■ **Activity**
The reply should reproduce every line of the data below word for word, minus any images.

■ **Information provided**
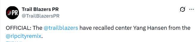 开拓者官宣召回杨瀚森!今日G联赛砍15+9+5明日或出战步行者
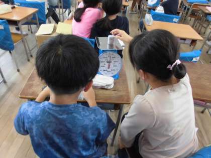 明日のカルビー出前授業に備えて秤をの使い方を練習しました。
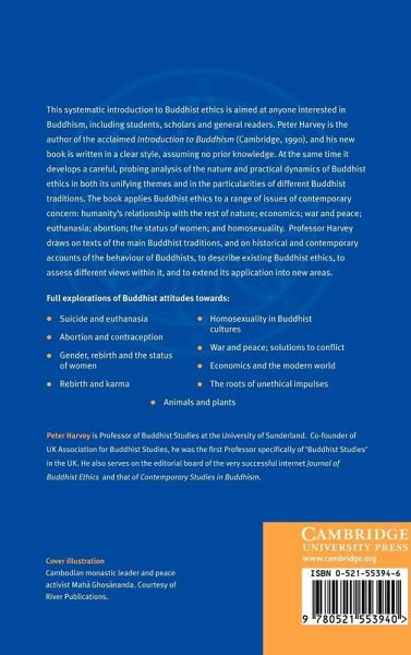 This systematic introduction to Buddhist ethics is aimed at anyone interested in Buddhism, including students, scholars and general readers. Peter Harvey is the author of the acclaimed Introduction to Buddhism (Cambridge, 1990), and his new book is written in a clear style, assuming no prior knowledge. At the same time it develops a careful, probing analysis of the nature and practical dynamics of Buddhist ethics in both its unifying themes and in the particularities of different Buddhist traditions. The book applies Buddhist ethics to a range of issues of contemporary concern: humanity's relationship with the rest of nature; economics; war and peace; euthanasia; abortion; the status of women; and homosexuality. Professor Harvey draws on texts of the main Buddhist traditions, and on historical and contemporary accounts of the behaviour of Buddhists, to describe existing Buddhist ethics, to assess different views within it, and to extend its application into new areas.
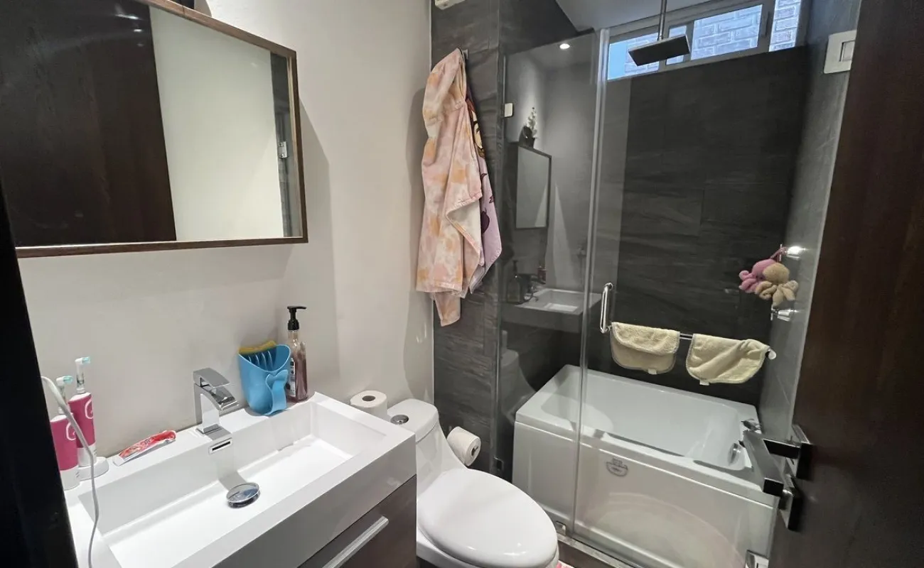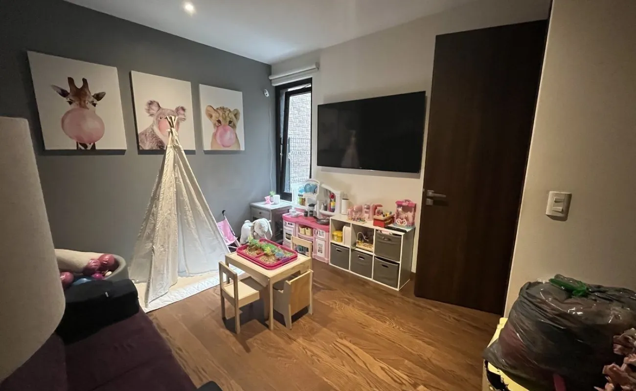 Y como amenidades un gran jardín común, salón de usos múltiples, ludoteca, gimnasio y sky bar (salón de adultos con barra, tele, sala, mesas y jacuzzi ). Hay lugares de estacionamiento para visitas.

■ **Reply**
 开拓者官宣召回杨瀚森!今日G联赛砍15+9+5明日或出战步行者
 明日のカルビー出前授業に備えて秤をの使い方を練習しました。
 This systematic introduction to Buddhist ethics is aimed at anyone interested in Buddhism, including students, scholars and general readers. Peter Harvey is the author of the acclaimed Introduction to Buddhism (Cambridge, 1990), and his new book is written in a clear style, assuming no prior knowledge. At the same time it develops a careful, probing analysis of the nature and practical dynamics of Buddhist ethics in both its unifying themes and in the particularities of different Buddhist traditions. The book applies Buddhist ethics to a range of issues of contemporary concern: humanity's relationship with the rest of nature; economics; war and peace; euthanasia; abortion; the status of women; and homosexuality. Professor Harvey draws on texts of the main Buddhist traditions, and on historical and contemporary accounts of the behaviour of Buddhists, to describe existing Buddhist ethics, to assess different views within it, and to extend its application into new areas.
 Y como amenidades un gran jardín común, salón de usos múltiples, ludoteca, gimnasio y sky bar (salón de adultos con barra, tele, sala, mesas y jacuzzi ). Hay lugares de estacionamiento para visitas.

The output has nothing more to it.